Por Márcia Fernanda Peçanha Martins*
Por muito tempo achei que a ausência é falta. E lastimava, ignorante, a falta. Hoje, não a lastimo. Não há falta na ausência. A ausência é um estar em mim. E sinto-a, branca, tão pegada, aconchegada nos meus braços, que rio e danço e invento exclamações alegres, porque a ausência assimilada, ninguém a rouba mais de mim. Pego emprestado o poema de Carlos Drummond de Andrade para justificar que não tenho muitos sorrisos, não ofereço tantas divagações neste artigo e trago uma dor dilacerante, que aumenta a cada dia em vez de me abandonar. Ela tem sido compartilhada nos últimos dois anos pelos familiares: mãe, irmão, cunhada e amiga, irmã e cunhado, sobrinhos e filha.

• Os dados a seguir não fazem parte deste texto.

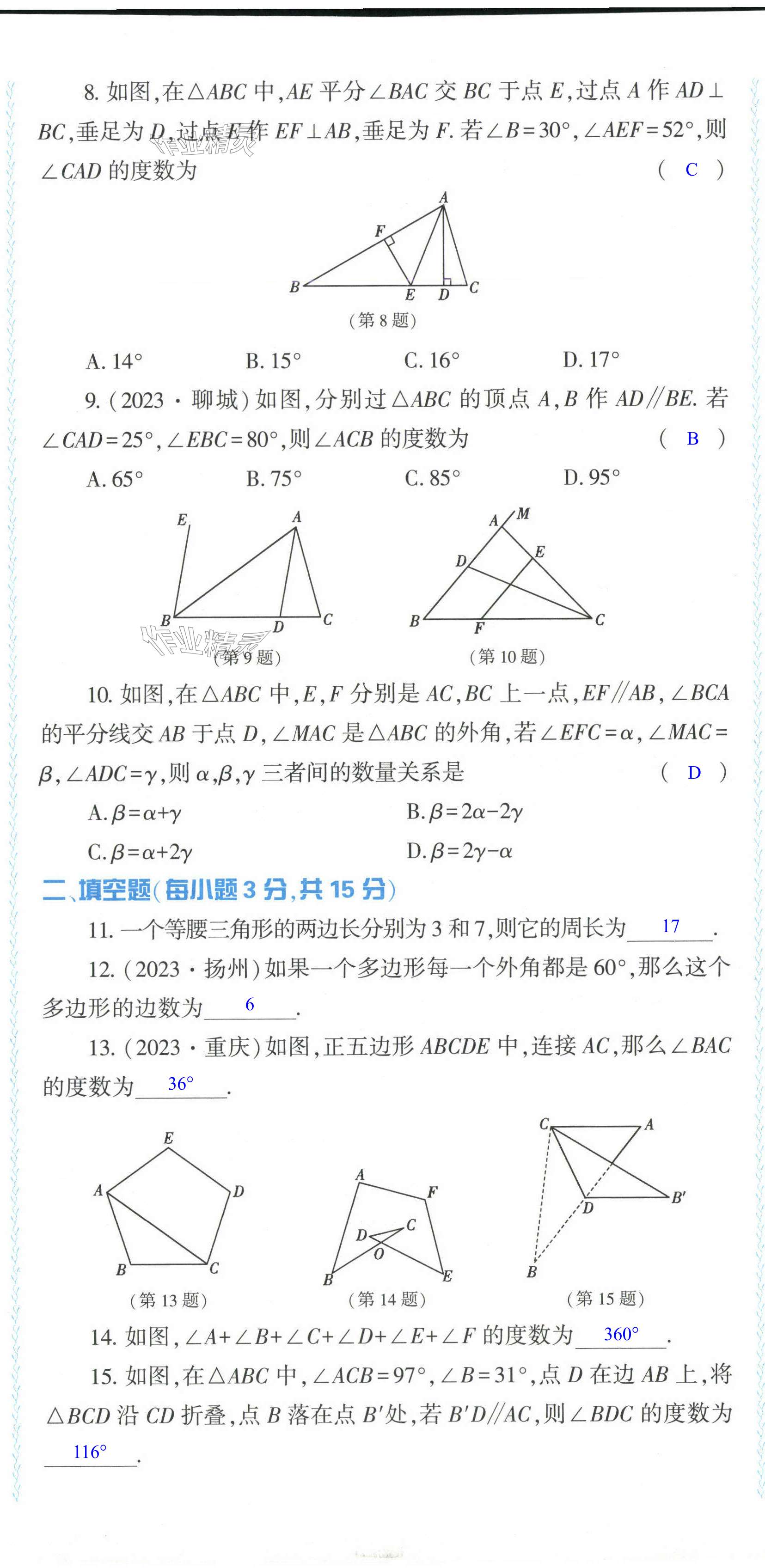 注:目前有些书本章节名称可能整理的还不是很完善,但都是按照顺序排列的,请同学们按照顺序仔细查找。练习册 2024年基础训练大象出版社八年级数学上册人教版 答案主要是用来给同学们做完题方便对答案用的,请勿直接抄袭。

É que me habituei, desde 12 de maio de 2003, a embalar a tua ausência dentro de mim e acomodei minha saudade num lado bem escondido do coração, onde nós dois nos encontramos vez em quando. Dedé, Dédi, Luli ou simplesmente mano, como tenho me enganado desde a tua morte. Isso tem desculpa? Perdão, mano. Sei que não aprovarias jamais essa minha atitude de sofrimento. Sei que tentas me alertar para levantar a cabeça e tocar o barco, nas vezes em que sinto deixar escapar a bússola da minha vida. Sei que continuas sendo, como em vida, o meu grande anjo da guarda.

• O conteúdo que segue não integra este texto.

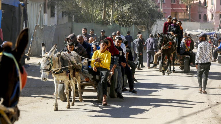 Palestinians travel with carts pulled by horses and donkeys as Israel continues to the entry of fuel amid the continuation of the Israeli army's attack on Deir Al Balah, Gaza on November 20, 2024. © Ashraf Amra/Getty Image

Ao analisar o poema de Drummond, consegui decifrar um pouco o meu comportamento nestes anos em que imaginava, erroneamente, sentir a tua falta. Novo engano, mostrou o poeta. A tua ausência está sempre em mim. Quando tento definir o que sinto toda vez que preciso enlouquecidamente do teu afago, da cumplicidade de teus olhos claros, das tuas palavras de amizade, mesmo quando elas precisavam ser cruéis e eu não queria escutá-las e, principalmente, quando solicito a tua presença, sempre, eterno irmão e companheiro ao meu lado.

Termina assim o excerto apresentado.